In the past few years, proteomics has seen great technical advances, especially in the mass spectrometry equipment and bioinformatics resources, with the development of new separation techniques, new multi-dimensional procedures, new searching algorithms, new mass spectrometers and the availability of more databases. Owing to these new technologies, Abdallah et al. (2014) were able to identify 1,226 root membrane proteins and to report for the first time the proteomic identification of several symbiosis marker genes: MtPt4, a mycorrhiza-specific phosphate transporter [22], the AM-inducible ammonium transporter GmAMT4.1 in soybean [49], STR half-ABC transporters [50] and vesicle-associated membrane proteins VAMP721d/e [51].

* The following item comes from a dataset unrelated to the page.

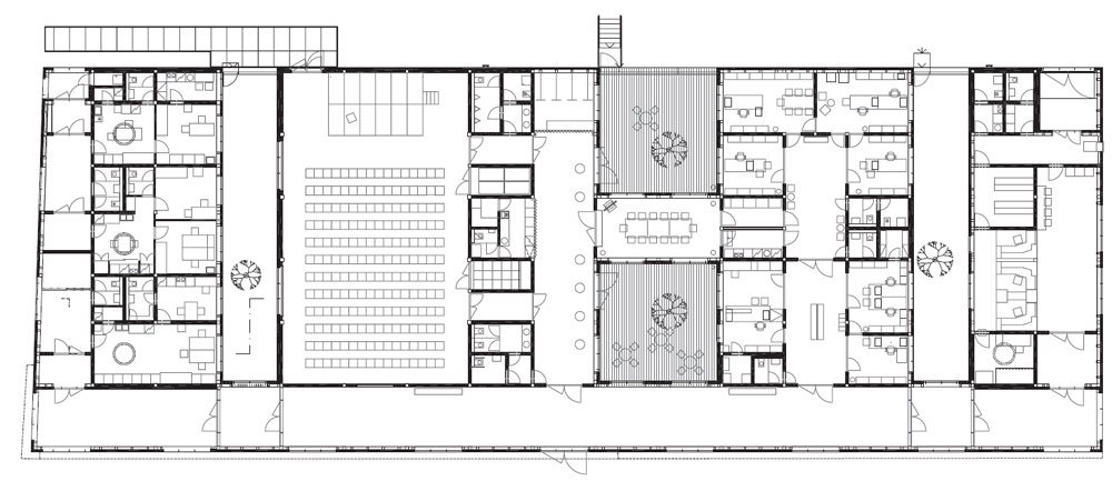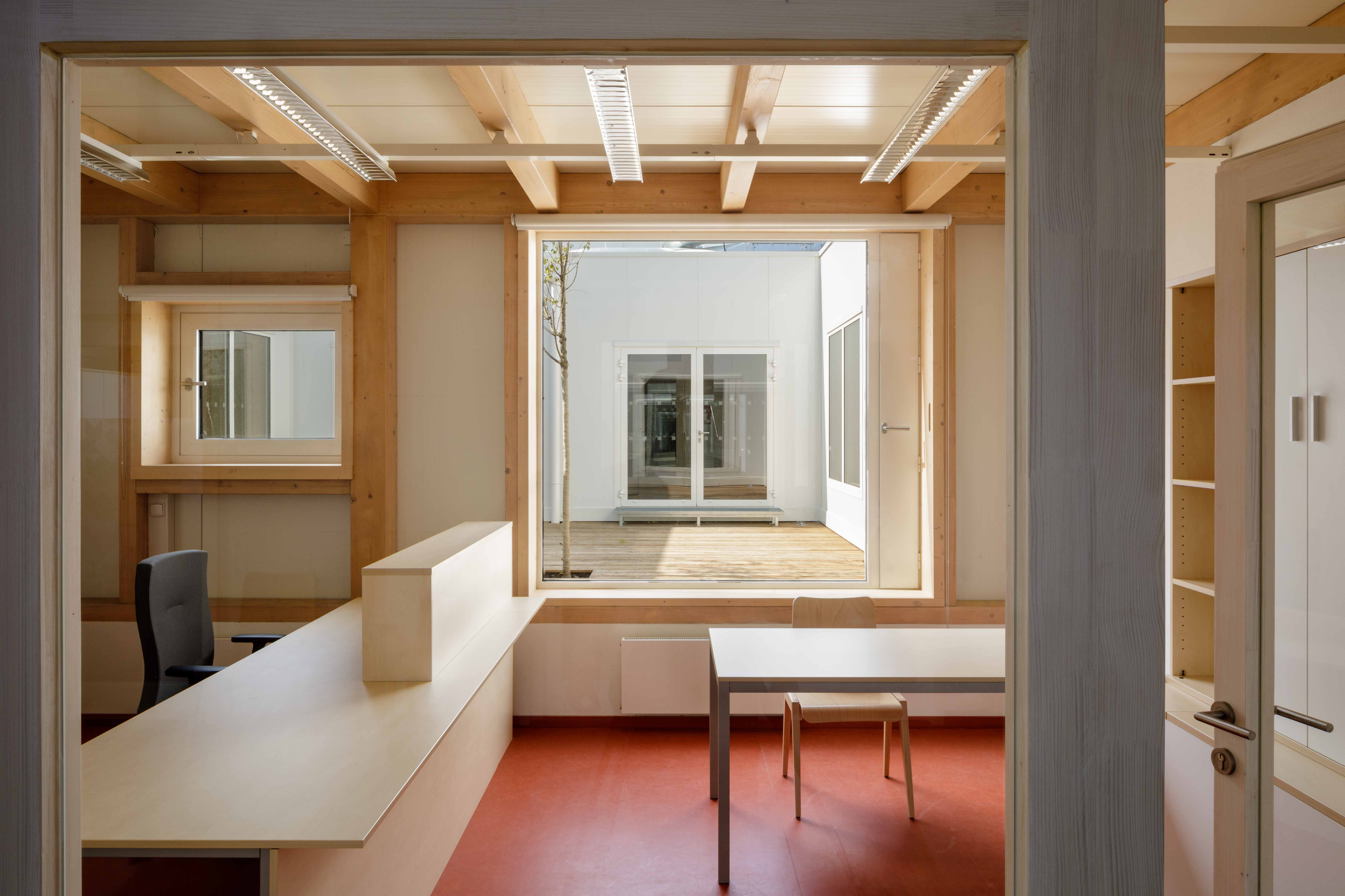 단순한 단층의 모두가 접근할 수 있는 집은 기념비적인 건물이 아닌 모든 연령대가 사용할 수 있는 도구다. 설계의 주안점은 최대한의 개방성과 투명성, 빛과 공기였다. 또, 건물의 규모를 보여주는 것이 아닌 공공 서비스를 강조하고자 했다. 연결통로와 이어진 분리된 4개의 구역에는 의사 사무실, 다목적 홀, 자치단체, 우체국이 있다. 연결통로는 무도회, 행사와 콘서트 등의 다양한 프로그램을 진행할수 있게 하는 ‘보조’ 공간으로 가끔 전시가 열리기도 한다. 내부 아트리움은 내부 공간을 비춘다. 서로 시너지를 줄 수 있는 공간으로 실제 사용에 따라 다양한 역할을 할 수 있다. 실내 공간의 빛과 인테리어는 시민의 성격을 반영한 중립적인 재료를 사용했다. 반짝이는 은백색의 패턴이 들어간 입면은 반짝이며 시민들이 어 잘 알아볼 수 있도록 한다.

In the experiments of Abdallah et al. (2014), proteins were quantified by label-free counting. Protein quantification in label-free experiments is generally based on two types of measurements: peptide peak intensity and spectral count. These parameters are measured for individual LC-MS/MS or LC/LC-MS/MS runs and changes in protein abundance are calculated via a direct comparison between different analyses [52]. The spectral counting strategy used by Abdallah et al. (2014) suggests that accommodation of AM fungi within root cortical cells implies both a dynamic reorganization of the root membrane proteome and the de novo synthesis of AM-related proteins [23]. This study, beside the identification of proteins corresponding to key genes already identified in mycorrhizal symbiosis, also reported new proteins, many of which support the importance of membrane trafficking during mycorrhiza colonization.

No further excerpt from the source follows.